Proteins have evolved over billions of years through natural evolution
The current forms of proteins are a result of passing through an evolutionary sieve

- Evolution has played a significant role in shaping the proteins we know today

In parallel experiments conducted over geological time, nature creates random mutations and applies selection, filtering proteins by their myriad sequences, structures, and functions.

Nature conducts parallel experiments over geological time
These experiments involve creating random mutations

- Selection is applied to filter proteins based on their sequences, structures, and functions

As a result, the patterns in the proteins we observe reflect the action of the deep hidden variables of the biology that have shaped their evolution across time.

The patterns in proteins reflect the action of deep hidden variables of biology that have shaped their evolution over time.
Proteins are shaped by the deep hidden variables of biology.
The evolution of proteins is influenced by deep hidden variables of biology.
Deep hidden variables of biology play a role in the formation of proteins.
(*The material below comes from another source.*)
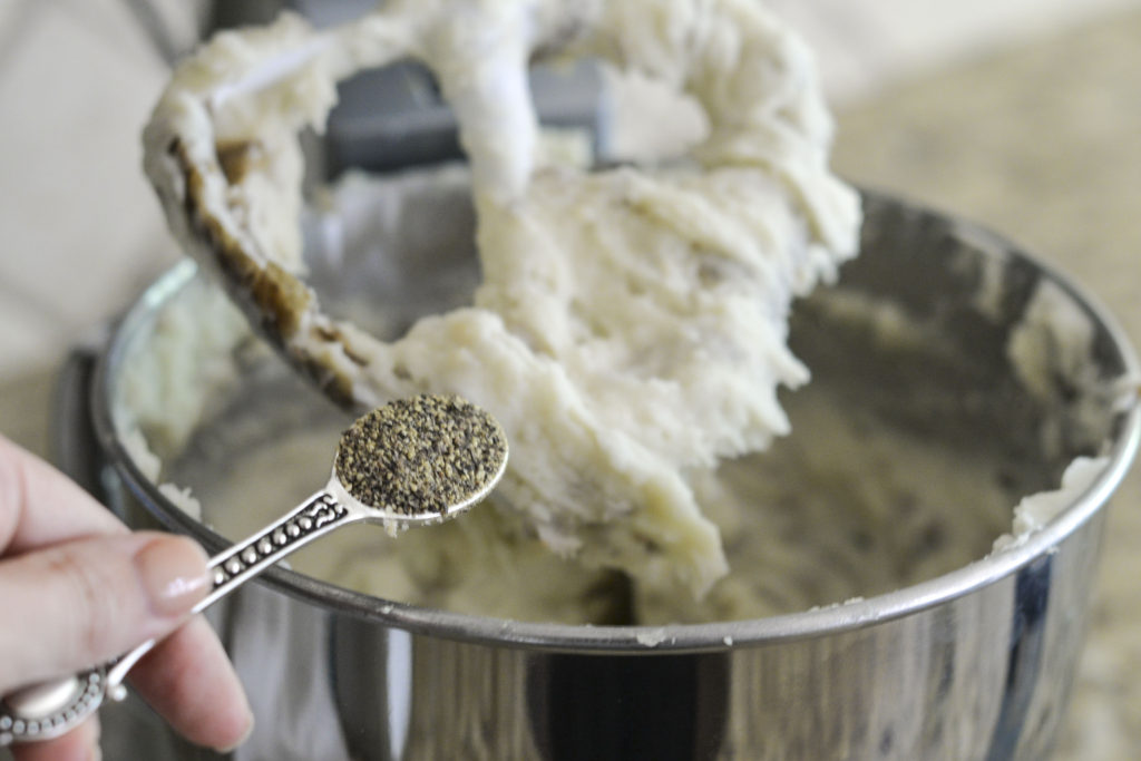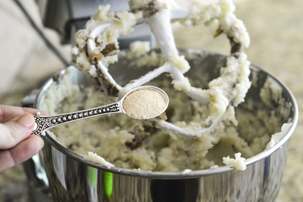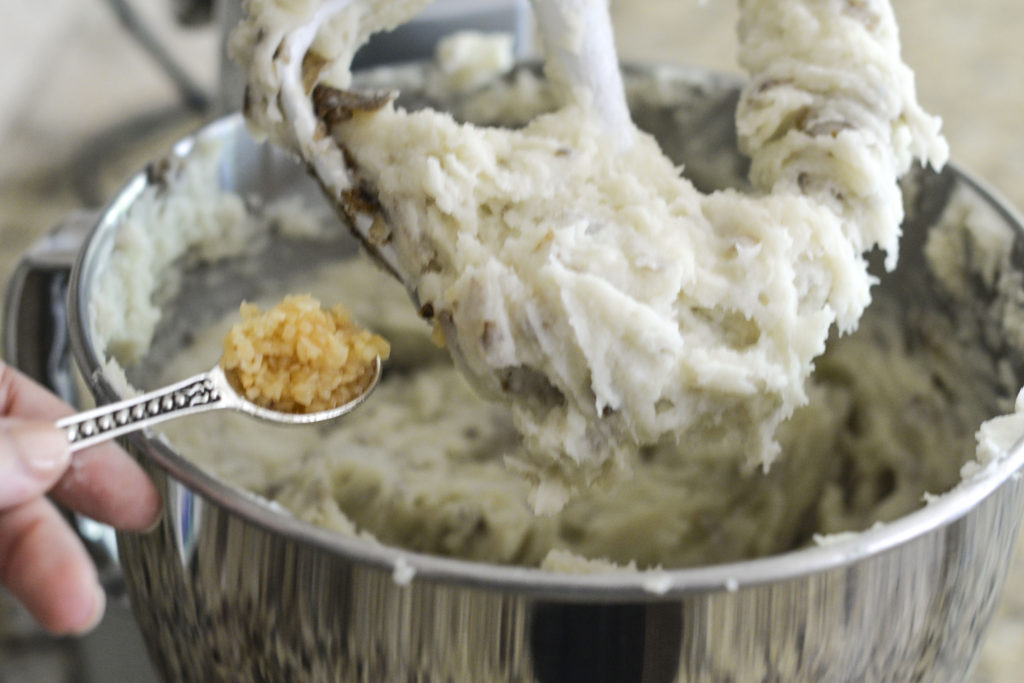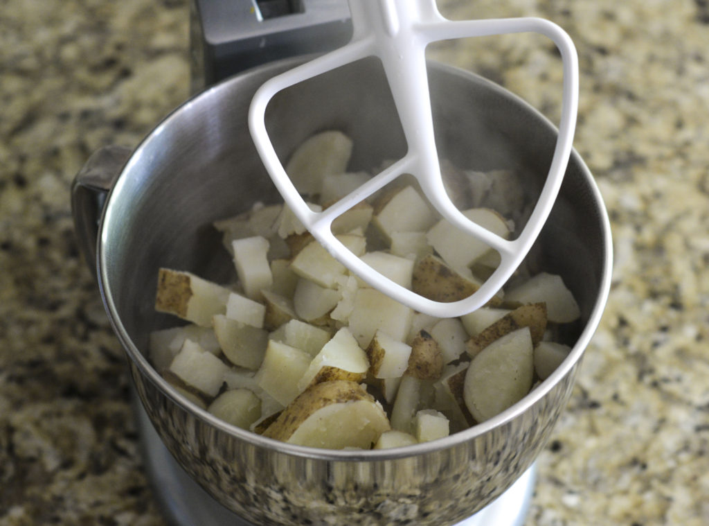 After you drain the potatoes, the easiest way to get all of the yummy parts mixed evenly is by transferring them to a stand mixer.

- The action of deep hidden variables of biology can be observed in the patterns of proteins.

Gene sequencing surveys of Earth's natural diversity are cataloging the sequences $(1-3)$ and structures $(4,5)$ of proteins, containing billions of sequences and hundreds of millions of structures that illuminate patterns of variation across life.
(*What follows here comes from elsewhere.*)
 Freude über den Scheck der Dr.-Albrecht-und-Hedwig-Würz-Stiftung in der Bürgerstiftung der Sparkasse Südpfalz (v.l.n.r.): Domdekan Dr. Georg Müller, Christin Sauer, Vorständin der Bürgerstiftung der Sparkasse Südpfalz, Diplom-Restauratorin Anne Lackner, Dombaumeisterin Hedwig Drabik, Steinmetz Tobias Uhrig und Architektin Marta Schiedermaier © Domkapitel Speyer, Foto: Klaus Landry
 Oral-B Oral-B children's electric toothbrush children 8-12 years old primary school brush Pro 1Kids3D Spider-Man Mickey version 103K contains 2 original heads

Gene sequencing surveys of Earth's natural diversity are cataloging the sequences and structures of proteins.
These surveys contain billions of sequences and hundreds of millions of structures.

- The goal is to illuminate patterns of variation across life.

A consensus is building that underlying these sequences is a fundamental language of protein biology that can be understood using large language models (6-10).

A consensus is building that underlying protein sequences is a fundamental language of protein biology.
This language can be understood using large language models, specifically those ranging from 6 to 10.

- The idea of a fundamental language of protein biology suggests that there are unique facts or ideas related to this field that can be extracted and organized.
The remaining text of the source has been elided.